Fritz Hansel: The gym!
Fritz Gretel: Girls!
Fritz Hansel: Music!
Fritz Gretel: Legs!
Fritz Hansel: Dancing!
Fritz Gretel: Boobs!
Fritz Hansel: Randell!
Fritz Gretel: Sex...
Mr. McGree: I think they're trying to tell us something.
Joey Ramone: [singing] You heard that I'm no good/Yeah, yeah, I'm no good/But I'll treat you like I should/I want you around/I want you around...
Joey Ramone: [singing] Rock Rock, Rock Rock, Rock and Roll High School...
[BOOM! The school blows up]
Kate: Look at your math book; it looks brand new. Bet you've never even opened it.
Riff: I only use it on special equations
Riff Randell: Tom Roberts is so boring his brother is an only child.
Screamin' Steve Stevens: Well, that about wraps it up here at Rock & Roll High.

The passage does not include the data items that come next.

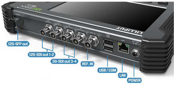 12G-SFP OUT: Support 12G-SDI fiber signals (Optional Module).
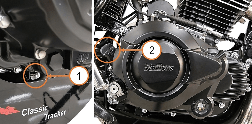 - Place the oil tray under the engine, Then remove the oil drain bolt ①, wait until the engine oil drains completely and tighten oil bolt back again.
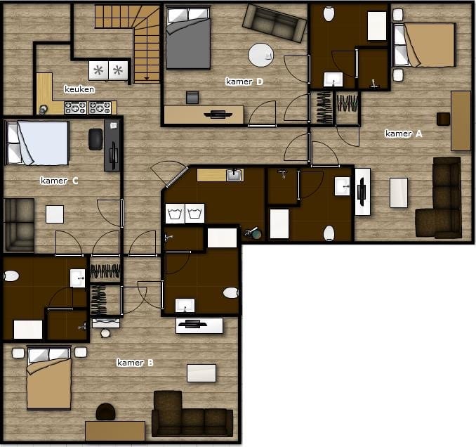 Indeling eerste verdieping boven begane grond woonhuis/bungalow:
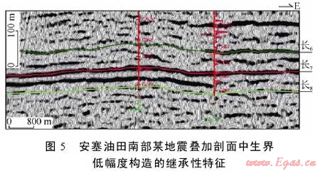 低幅度構造具有繼承性發(fā)育和演化的特點。圖3a、3b基本處于同一區(qū)域,延安組、延長組低幅度構造的平面組合基本一致,圖4a、4b也具有同樣的一致性特點,這充分反映鄂爾多斯盆地中生界延安組、延長組的低幅度構造是繼承性發(fā)育和演化的。圖5地震剖面清楚地顯示出某油田南部延長組上、下層序中起伏一致的低幅度構造特征,且構造高部位的鉆井中長6段的試采產(chǎn)量比構造低處鉆井的試采產(chǎn)量明顯偏高,這不僅從剖面組合上進一步印證了低幅度構造的繼承性發(fā)育特點,而且也證明了低幅度構造對油氣富集成藏具有重要的控制作用。此外,低幅度構造的發(fā)育也具有一定的演化差異,主要表現(xiàn)在地層自下而上,其中低幅度構造的定向性及構造幅度有所加強,閉合度增大,但復合規(guī)模則有所減小,圖3c、3d中長6和長2油層組的頂面構造特征及其差異能夠充分說明這一點。
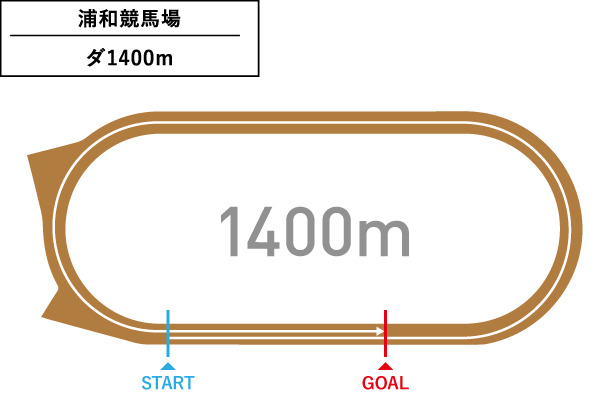 1400mは浦和で最も多くレースが組まれている舞台で、フルゲートは12頭。1周は1200mで、4コーナー付近からスタートして4回コーナーを通過し、馬場を1周+200m。逃げ馬が揃うと1コーナーまでの先行争いが激しくなり、ハイペースになることも。ゴールまでの直線は約220mで、南関東の中では最も短い。
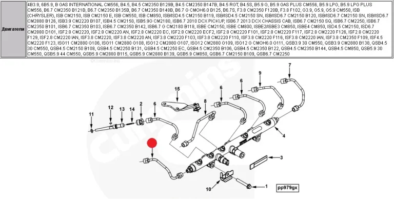 | Cummins | 6ISLe-400-40 (Repto) | 2013 | Plumbing, Injector | Трубопровод подачи топлива к форсунке |
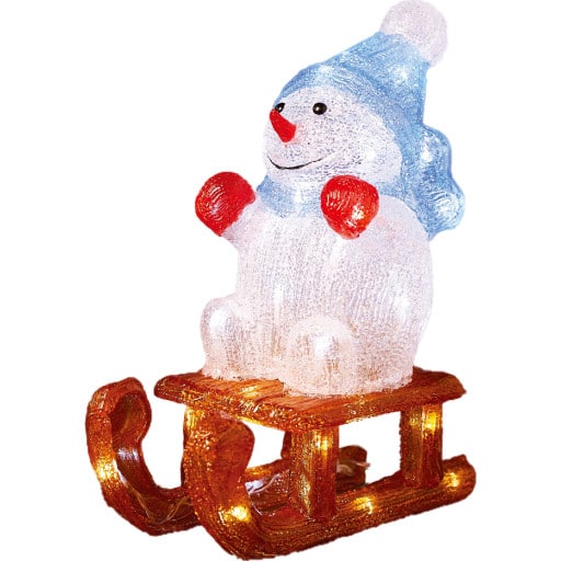 Veli snemand på kælkEn snemand på kælk fra Veli Line. Er godkendt til udendørs brug. Lyser flot i mørket med 40 LED lys. Måler 27x14x32 cm. Stil den på kommoden sammen med dine andre juledekorationer. Her vil den stå og pynte rigtig fint i december måned.

Remember, if your principal ever gives *you* trouble, if you want *this*
[pointing to the burning school building behind him]

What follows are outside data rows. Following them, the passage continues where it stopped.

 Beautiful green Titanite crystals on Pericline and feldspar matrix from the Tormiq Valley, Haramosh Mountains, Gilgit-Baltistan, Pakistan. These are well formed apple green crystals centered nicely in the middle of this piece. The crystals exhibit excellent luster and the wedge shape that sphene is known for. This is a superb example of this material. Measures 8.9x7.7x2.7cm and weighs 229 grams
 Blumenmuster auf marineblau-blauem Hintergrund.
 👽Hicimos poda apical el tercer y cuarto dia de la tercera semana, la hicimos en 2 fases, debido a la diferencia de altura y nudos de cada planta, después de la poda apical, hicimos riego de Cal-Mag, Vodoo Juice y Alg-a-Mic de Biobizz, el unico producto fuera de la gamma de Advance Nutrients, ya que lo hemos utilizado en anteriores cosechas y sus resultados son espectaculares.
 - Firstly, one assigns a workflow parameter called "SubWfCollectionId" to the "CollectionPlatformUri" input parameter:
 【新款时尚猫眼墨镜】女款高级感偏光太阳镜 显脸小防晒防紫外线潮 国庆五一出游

Screamin' Steve Stevens: to happen at your school, you just give ol' Screamin' Steve a call. I'm in the book - under SCARRRREAMIN'!
Kate: She's my friend.
Miss Togar: A friend that will lead you down the road to expulsion.

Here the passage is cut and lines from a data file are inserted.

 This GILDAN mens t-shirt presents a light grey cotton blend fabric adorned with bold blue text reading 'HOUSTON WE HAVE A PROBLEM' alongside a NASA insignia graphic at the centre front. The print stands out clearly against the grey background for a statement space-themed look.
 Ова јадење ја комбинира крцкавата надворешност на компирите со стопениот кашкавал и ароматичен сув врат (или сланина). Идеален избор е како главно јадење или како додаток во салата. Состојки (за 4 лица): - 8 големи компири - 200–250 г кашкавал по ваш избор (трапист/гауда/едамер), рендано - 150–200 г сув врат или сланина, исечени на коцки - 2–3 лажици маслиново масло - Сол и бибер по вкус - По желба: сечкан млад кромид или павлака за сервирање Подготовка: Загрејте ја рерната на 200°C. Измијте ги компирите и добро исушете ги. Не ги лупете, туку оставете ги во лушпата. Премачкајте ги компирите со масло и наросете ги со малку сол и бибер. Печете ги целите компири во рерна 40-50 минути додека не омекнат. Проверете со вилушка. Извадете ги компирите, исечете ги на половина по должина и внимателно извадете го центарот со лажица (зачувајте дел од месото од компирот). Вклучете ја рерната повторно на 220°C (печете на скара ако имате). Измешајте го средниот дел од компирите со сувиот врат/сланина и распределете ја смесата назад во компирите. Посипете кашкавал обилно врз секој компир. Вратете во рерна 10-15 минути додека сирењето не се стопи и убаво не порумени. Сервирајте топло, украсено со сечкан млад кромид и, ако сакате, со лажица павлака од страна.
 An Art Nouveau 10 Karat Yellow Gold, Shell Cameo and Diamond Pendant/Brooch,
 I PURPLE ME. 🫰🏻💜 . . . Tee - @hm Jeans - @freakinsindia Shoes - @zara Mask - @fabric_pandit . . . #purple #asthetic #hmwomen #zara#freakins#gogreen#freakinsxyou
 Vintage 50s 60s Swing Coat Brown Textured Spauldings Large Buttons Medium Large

Riff: [air guitar] I'm a teenage lobotomy.
Usher: Oh, I'm sorry. We don't let any more mice in here. They've been exploding all over the place.
Riff: On behalf of the students from Vince Lombardi High who are here tonight, I'd just like to say one thing: Screw you, Principal Togar, we made it to the concert anyway!
Johnny Ramone: Things sure have changed since we got kicked out of high school.
Tom Roberts: [needs to see Eaglebauer] Miss, you don't understand. See, uh, this is an emergency.
Norma: Animal, vegetable, or mineral?
Tom Roberts: Um... sexual.
Riff: [Togar has cut the wire on her broadcast equipment] Hey, Kate, I'm getting some static.
Kate: Not as much as you're going to get.
Miss Togar: You two are not doing your job. Look at me when I'm talking to you! You're supposed to be my eyes, my ears, my nose.
Miss Togar: [Hansel and Gretel sneeze; Togar wipes her nose] Thank you.
Miss Togar: [to Hansel and Gretel] Oh, go and monitor the halls!
Usher: [to Mr. McGree] Oh, sorry, Mantovani's down the block.
Mr. McGree: I'm hep, Daddy-o. I'm into the Ramones.
Kate: This will never work. Tom will never like me; I don't know who I'm kidding. What possible reason could there be to put myself through all this? Sex!
Kate: I must admit, as far as reasons go, it's must be one of the best.
Angel Dust: I'm *first* in line! And if you don't like it, you can put it where the monkey puts the nuts!
Miss Togar: Well, I think that should teach them a lesson in deportment.
Fritz Hansel: How do you spell that?
Miss Togar: D-e-portment.
Screamin' Steve Stevens: I'd like to introduce the two winners of the charity ticket raffle donated by the principal of Vince Lombardi High.
Boy In Crowd: [yells] Togar eats it!
Miss Togar: [holding phone to radio broadcasting live Ramones concert] That, Mrs. Rambeau, is where your daughter is.
Mrs. Rambeau: [over phone] My daughter, Kate? I thought she was in the basement splitting photons.